Given an array of integers find the number of all ordered pairs of elements in the array whose sum lies in a given range [a,b]
Here is an O(n^2) solution for the same <
The problem of counting the pairs that work can be done in sort time + O(N). This is faster than the solution that Ani gives, which is sort time + O(N log N). The idea goes like this. First you sort. You then run nearly the same single pass algorithm twice. You then can use the results of the two single pass algorithms to calculate the answer.

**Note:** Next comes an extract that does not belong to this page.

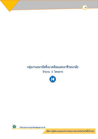 79 กลุ่มงำนอนำมัยสิ่งแวดล้อมและอำชีวอนำมัย จ ำนวน 3 โครงกำร ส ำนักงำนสำธำรณสุขจังหวัดอุบลรำชธำนี คู่มือกำรปฏิบัติงำนกองทุนหลักประกันสุขภำพในระดับท้องถิ่นหรือพื้นที่ 2563

The first time we run the single pass algorithm, we will create a new array that lists the smallest index that can partner with that index to give a sum greater than a. Example:
a = 6
array = [-20, 1, 3, 4, 8, 11]
output = [6, 4, 2, 2, 1, 1]
So, the number at array index 1 is 1 (0 based indexing). The smallest number it can pair with to get over 6 is the eight, which is at index 4. Hence output[1] = 4. -20 can't pair with anything, so output[0] = 6 (out of bounds). Another example: output[4] = 1, because 8 (index 4) can pair with the 1 (index 1) or any number after it to sum more than 6.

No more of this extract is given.